Now and all throughout Europe, it was the upper house of government, the House of Lords, or the Senate that tried to block any kind of reform, not only leading to socialism, but that helped capitalism. There had to be a political revolution strengthening the House of Commons relative to the House of Lords. And that occurred in 1909-10 in England. Now, here you’re going to have a similar constitutional crisis in order to do the socialist policies that you mentioned.
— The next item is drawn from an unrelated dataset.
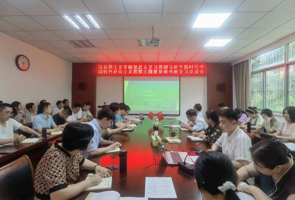 6月28日,马克思主义学院党总支举办学习贯彻习近平新时代中国特色社会主义思想主题教育读书班学习交流会,会议由党总支书记王波主持,全体教师参加了学习研讨。

The crisis is not only because there’s federalism in the United States, states’ rights that are written in the Constitution, to have an economy that can rescue the American industry, and rescue the American working class, you need to rewrite the Constitution.

But the efforts to make plans for a constitutional convention have all been done by the ultra-right, by the Federalist Society, and by the people that you and I have made fun of for many years. And I don’t see any movement on the left to say the situation is so serious that we need a radical rewrite of the Constitution in order to become really a parliamentary democracy that can provide the political context in order to introduce socialist policies.

So the problems not only economic; the problem is that to solve the financial and rentier economic problem, you need to restructure the political problem here along the lines that were restructured in Europe and obviously in China.

Paul Jay: Well, I don’t want to get too much into China because I find it too complicated, and it’s a whole other conversation.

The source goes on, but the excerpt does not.